Only these lines, please: the first one of the records through the one containing "生活面を象徴する運勢です。外", retyped exactly, both ends included and pictures omitted.

____ Extracted entries

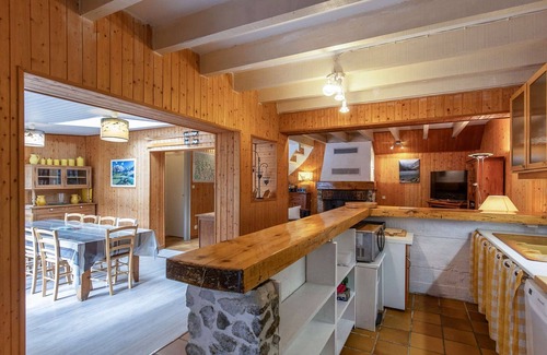 Well-equipped kitchen with large bar and worktop: oven, hob, dishwasher, microwave, filter and capsule coffee maker, toaster, kettle, raclette grill.
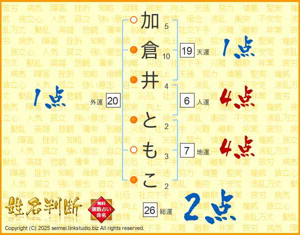 生活面を象徴する運勢です。外部から受ける影響力を表し、結婚運、家庭運や職場、環境への順応性を表します。総運から人運を引いた画数。姓や名が1文字の場合を除く。
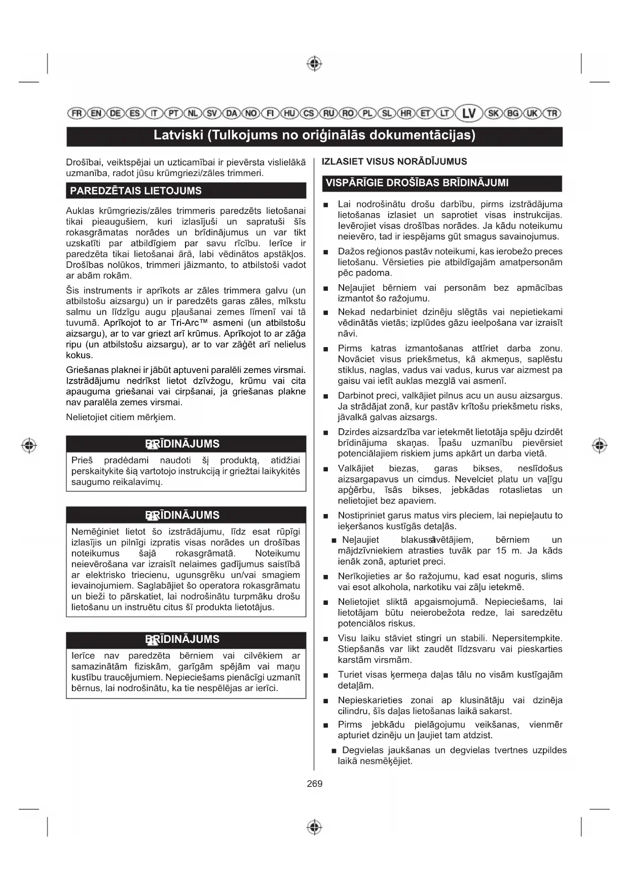 Auklas krūmgriezis/zāles trimmeris paredzēts lietošanai tikai pieaugušiem, kuri izlasījuši un sapratuši šīs rokasgrāmatas norādes un brīdinājumus un var tikt uzskatīti par atbildīgiem par savu rīcību. Ierīce ir paredzēta tikai lietošanai ārā, labi vēdinātos apstākļos. Drošības nolūkos, trimmeri jāizmanto, to atbilstoši vadot ar abām rokām. Šis instruments ir aprīkots ar zāles trimmera galvu (un atbilstošu aizsargu) un ir paredzēts garas zāles, mīkstu salmu un līdzīgu augu pļaušanai zemes līmenī vai tā tuvumā. Aprīkojot to ar Tri-Arc™ asmeni (un atbilstošu aizsargu), ar to var griezt arī krūmus. Aprīkojot to ar zāģa ripu (un atbilstošu aizsargu), ar to var zāģēt arī nelielus kokus. Griešanas plaknei ir jābūt aptuveni paralēli zemes virsmai. Izstrādājumu nedrīkst lietot dzīvžogu, krūmu vai cita apauguma griešanai vai cirpšanai, ja griešanas plakne nav paralēla zemes virsmai. Nelietojiet citiem mērķiem.
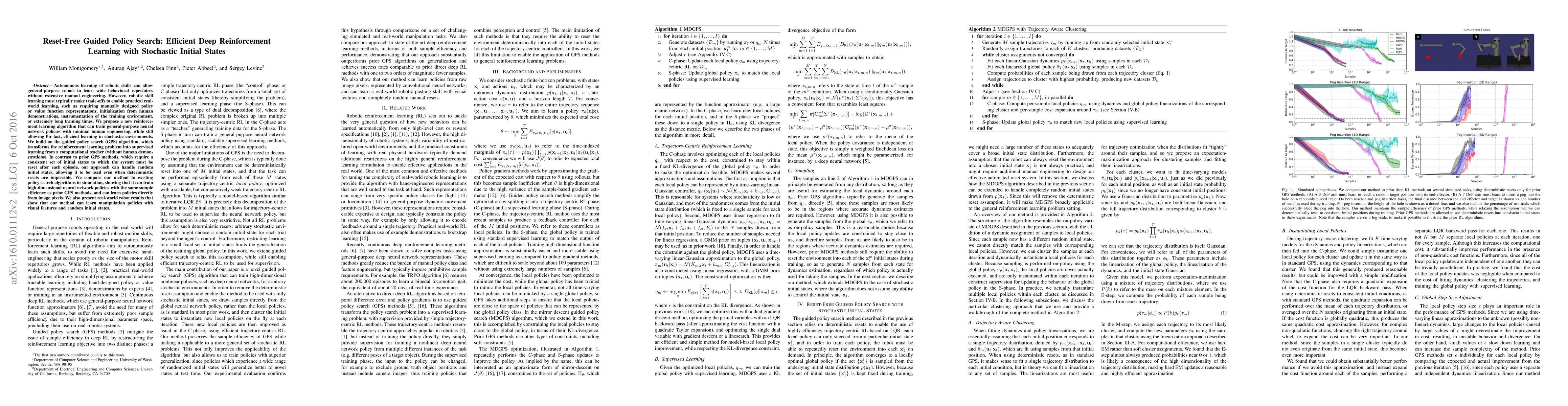 Autonomous learning of robotic skills can allow general-purpose robots to learn wide behavioral repertoires without requiring extensive manual engineering. However, robotic skill learning methods typically make one of several trade-offs to enable practical real-world learning, such as requiring manually designed policy or value function representations, initialization from human-provided demonstrations, instrumentation of the training environment, or extremely long training times. In this paper, we propose a new reinforcement learning algorithm for learning manipulation skills that can train general-purpose neural network policies with minimal human engineering, while still allowing for fast, efficient learning in stochastic environments. Our approach builds on the guided policy search (GPS) algorithm, which transforms the reinforcement learning problem into supervised learning from a computational teacher (without human demonstrations). In contrast to prior GPS methods, which require a consistent set of initial states to which the system must be reset after each episode, our approach can handle randomized initial states, allowing it to be used in environments where deterministic resets are impossible. We compare our method to existing policy search techniques in simulation, showing that it can train high-dimensional neural network policies with the same sample efficiency as prior GPS methods, and present real-world results on a PR2 robotic manipulator.
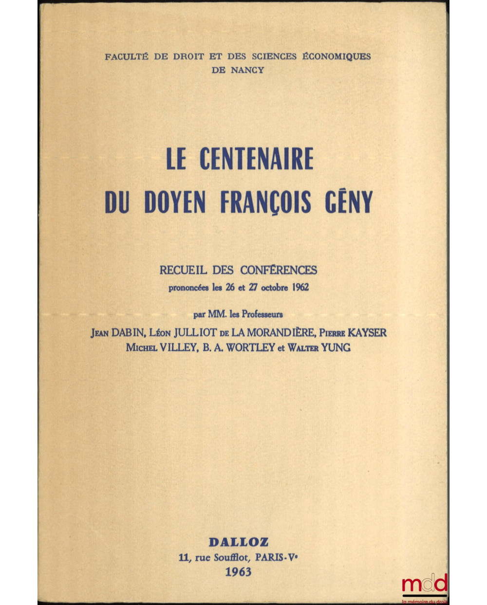 LE CENTENAIRE DU DOYEN FRANÇOIS GÉNY, Recueil des conférences prononcées les 26 et 27 octobre 1962 par MM. les Professeurs Jean Dabin, Léon Julliot de La Morandière, Pierre Kayser, Michel Villey, B. A. Wortley et Walter Yung, Faculté de droit et des sciences économiques de Nancy
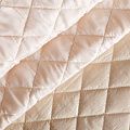 Трехслойная курточная стежка молочного оттенка, простеганная не крупными ромбами. Верхний  слой - полиэстер, по качеству напоминающий болонь, средний слой - синтепон, нижний слой - подкладочная ткань в тон лицевой. Очень мягкая и легкая, пластичная, хорошо драпируется. Прекрасно подойдет для  пошива легких пальто, курток, жилетов, накидок-кейпов, объемных сумок.
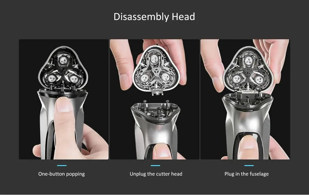 Модуль с бреющими головками электробритвы BlackStone можно отделить от корпуса и промыть прямо под струей воды, после чего установить их обратно на бритву - все легко и просто.
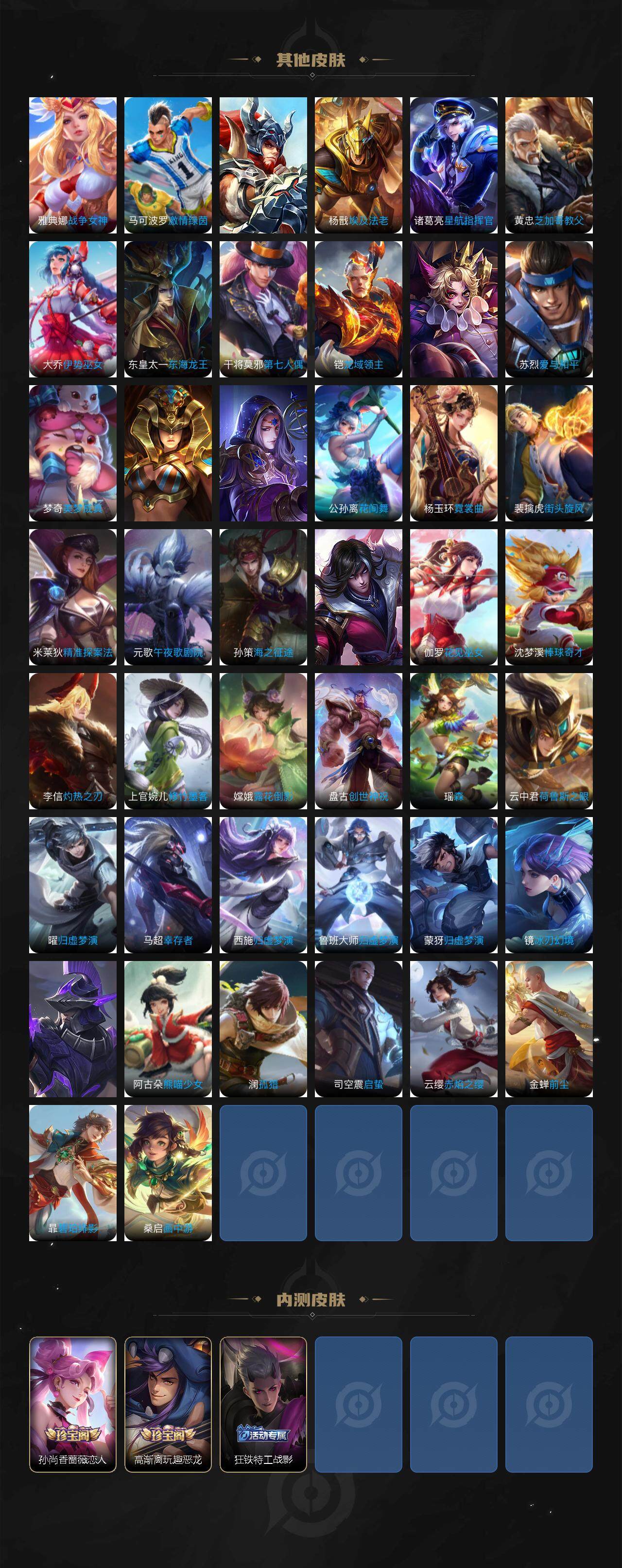 裴擒虎李小龙,上官婉儿梁祝,貂蝉逐梦之音,吕布御风骁将,关羽武圣,后羿辉光之辰,韩信飞衡,伽罗太华,伽罗天狼溯光者,百里玄策白虎志,苏烈玄武志,王昭君凤凰于飞,孙悟空大圣娶亲,露娜一生所爱,花木兰默契交锋,裴擒虎梅西,干将莫邪冰霜恋舞曲,花木兰青春决赛季,公孙离蜜橘之夏,猪八戒猪悟能,廉颇寅虎·御盾,孙尚香异界灵契,孙悟空孙行者,甄姬女儿国国王,瑶时之祈愿,赵云百木心枪,露娜启示之音,澜愿照·九州拓,蔡文姬愿照·福禄聚,虞姬愿照·岁时盈,司空震愿照·山河定,妲己愿照·众生和,女娲愿照·千秋盛
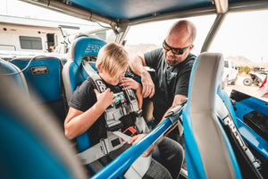 With the shoulder straps sewn to the lap belts, the 4.3 Harness makes it easy to strap in and start riding. This 4 point harness with 3" belts has sewn in pads for comfort, all black hardware for cool styling and EZ adjusters on the shoulders. The EZ adjusters allow you to adjust your shoulder straps quickly and even if they are dirty or muddy. The seat belt also has a removable sternum strap, and a red latch guard on the lap belt. The lap belt bolts in. The shoulder harness and crotch strap can either bolt down or wrap around a roll bar. Warning: Proper installation and consistent use of restraint system is critical to your safety in event of accident. Follow included installation insturctions closesly.

________

§ **Answer to this problem**
 Well-equipped kitchen with large bar and worktop: oven, hob, dishwasher, microwave, filter and capsule coffee maker, toaster, kettle, raclette grill.
 生活面を象徴する運勢です。外部から受ける影響力を表し、結婚運、家庭運や職場、環境への順応性を表します。総運から人運を引いた画数。姓や名が1文字の場合を除く。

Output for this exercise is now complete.